Black Hat USA 2025 | Advanced Bypass Techniques and a Novel Detection Approach
Why It Matters
As enterprises increasingly adopt third‑party AI models, undetected malicious code can compromise critical systems; a robust detection approach is essential to secure the AI supply chain.
Key Takeaways
- •Third‑party AI models can execute malicious code at load or inference.
- •Static scanners rely on deny lists, which cannot cover all unsafe functions.
- •Embedded bytecode and pickle opcodes enable bypasses that evade detection.
- •Model architecture serialization often uses unsafe formats like pickle or lambdas.
- •Novel dynamic detection approach promises to mitigate static scanner shortcomings.
Summary
The Black Hat USA 2025 presentation by Itai Ravia of AIM Security highlighted a growing crisis in AI supply‑chain security: third‑party models can execute malicious code during loading or inference, and back‑door inputs can be silently injected by model authors. Ravia explained that model files contain not only massive weight tensors but also complex architecture definitions, often serialized with unsafe formats such as Python pickle, dill, or embedded lambda bytecode, which can hide arbitrary OS commands.
Current defenses rely on static scanners that inspect model byte streams for known dangerous imports like os.system. The talk demonstrated why this approach is fundamentally flawed: deny‑list scanners cannot enumerate the millions of possible Python functions, and they fail to analyze embedded bytecode or the full semantics of pickle opcodes. Using an AI‑driven agent, the researchers uncovered dozens of wrapper functions that bypass scanners, and they showed concrete exploits—e.g., leveraging the Emlflow projects backend or crafting minimal bytecode that imports os and calls system—undetected by Hugging Face’s own scans.
Ravia cited real‑world examples where Hugging Face’s pickle scanner flagged a model as unsafe for one import but marked another with identical imports as “unknown,” leaving data scientists to decide manually.
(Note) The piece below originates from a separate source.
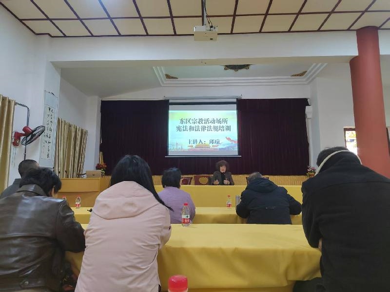 随后,东区民宗局组织辖区宗教活动场所教职人员及管理组织成员在玉佛寺二楼会议室开展了宪法及相关法律法规集中学习。本次学习重点围绕《宪法》等法律法规精神开展学习,旨在增强国家意识、法治意识和公民意识,进一步提升各类活动的规范化水平。

He also detailed how pickle’s stack‑based opcodes (IMPORT, PUT, GET, INSTANTIATE, CALL) can be orchestrated to desynchronize scanner expectations, creating a stealthy execution path that static analysis cannot reliably emulate.
The implication is clear: organizations must move beyond static signature checks toward dynamic, behavior‑based detection that can safely execute and monitor model loading in a sandbox. Ravia’s novel detection framework promises to simulate the full pickle execution flow, catching hidden malicious logic and restoring confidence in the rapidly expanding model marketplace.